Dini hari 16 Agustus, para pemuda membawa Soekarno dan Hatta ke Rengasdengklok. Itu bukan penculikan politik, melainkan tekanan moral, agar kemerdekaan tidak menjadi hadiah Jepang, melainkan tindakan bangsa sendiri.
Keesokan harinya, 17 Agustus 1945, teks proklamasi dibacakan. Sejarah pun mencatat: revolusi dimulai bukan oleh mereka yang berkuasa, tetapi oleh mereka yang berani mendesak kekuasaan agar segera berpihak pada rakyat.
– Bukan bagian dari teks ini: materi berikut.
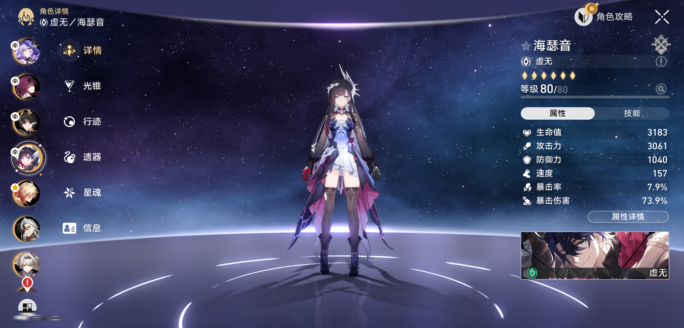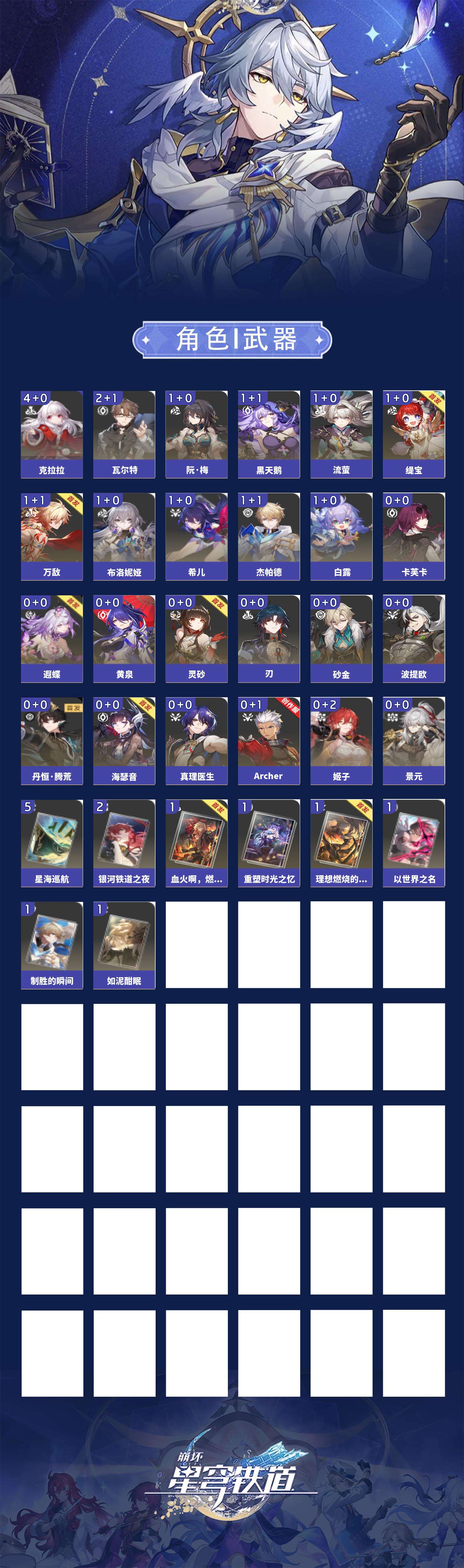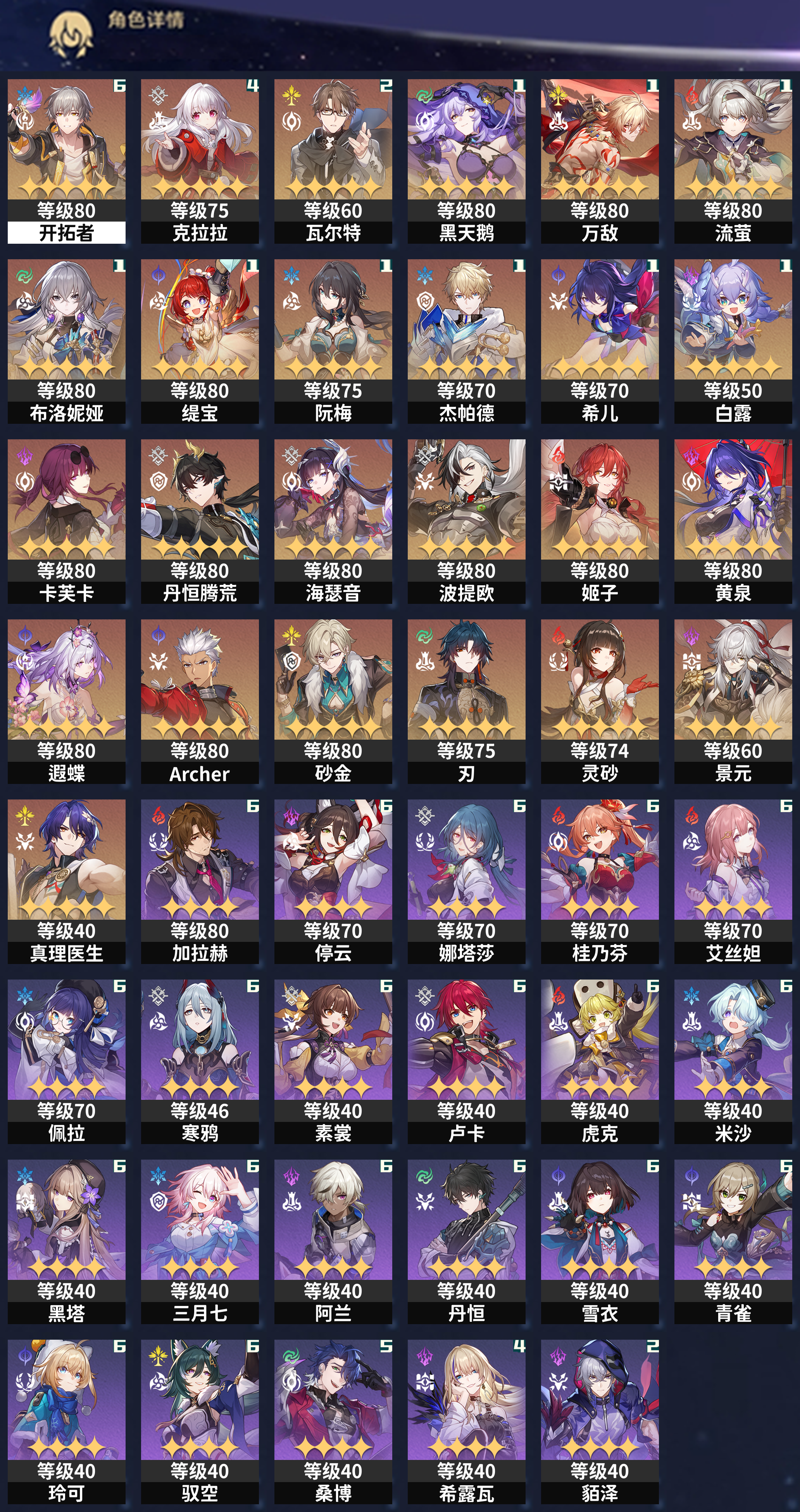 【崩坏·星穹铁道】【lyxq6870】冒险等级:70,男主,五星数量:32,绑定情况:手机号__五星角色:克拉拉 4命|瓦尔特 2命|黑天鹅 1命|万敌 1命|流萤 1命|布洛妮娅 1命|缇宝 1命|阮·梅 1命|杰帕德 1命|希儿 1命|白露 1命|卡芙卡|丹恒·腾荒|海瑟音|波提欧|姬子|黄泉|遐蝶|archer|砂金|刃|灵砂|景元|真理医生__五星光锥:星海巡航 5精|银河铁道之夜 2精|血火啊,燃烧前路|理想燃烧的地狱|重塑时光之忆|以世界之名|制胜的瞬间|如泥酣眠,【邮箱未绑定】

Setelah proklamasi, api Menteng 31 belum padam. Mereka ikut mendorong pembentukan Komite Nasional Indonesia (KNI) dan menuntut agar presiden bertanggung jawab kepada wakil rakyat. Tekanan pemuda membuat sistem pemerintahan yang semula bersifat presidensial berubah menjadi parlementer sementara.
Dari sana lahir semangat baru, bahwa republik bukan milik pemimpin semata, melainkan ruang bagi rakyat mengawasi kekuasaan. Namun semangat itu juga membawa paradoks.
Sebagian dari mereka kemudian terpecah oleh arus ideologi pascarevolusi, ada yang condong ke kiri, ada yang tetap di jalur nasionalis, ada pula yang memilih diplomasi. Tetapi sebelum semua label ideologis itu muncul, di tahun 1945 mereka berdiri dalam satu bahasa: Indonesia harus merdeka, sekarang juga.
Kini, ketika jarak sejarah makin jauh, kalimat "pemuda hampa dalam putaran kuasa tapi berdaya ledak tinggi" terasa seperti gema yang datang dari masa lalu. Ia mengingatkan bahwa kekuatan perubahan tidak selalu lahir dari jabatan, melainkan dari nurani yang menolak diam.
Dari ruang-ruang diskusi, dari halaman kecil yang menjadi tempat berkumpul, dari buku-buku yang dibaca dalam senyap, lahir keberanian untuk memaksa sejarah bergerak.
Bangsa ini pernah dibangunkan oleh mereka yang tak punya apa-apa selain keyakinan. Dan mungkin, dalam setiap zaman, bangsa ini menunggu lagi lahirnya mereka, pemuda-pemuda yang tampak hampa di mata kekuasaan, tapi menyimpan daya ledak ide untuk mengubah arah negeri.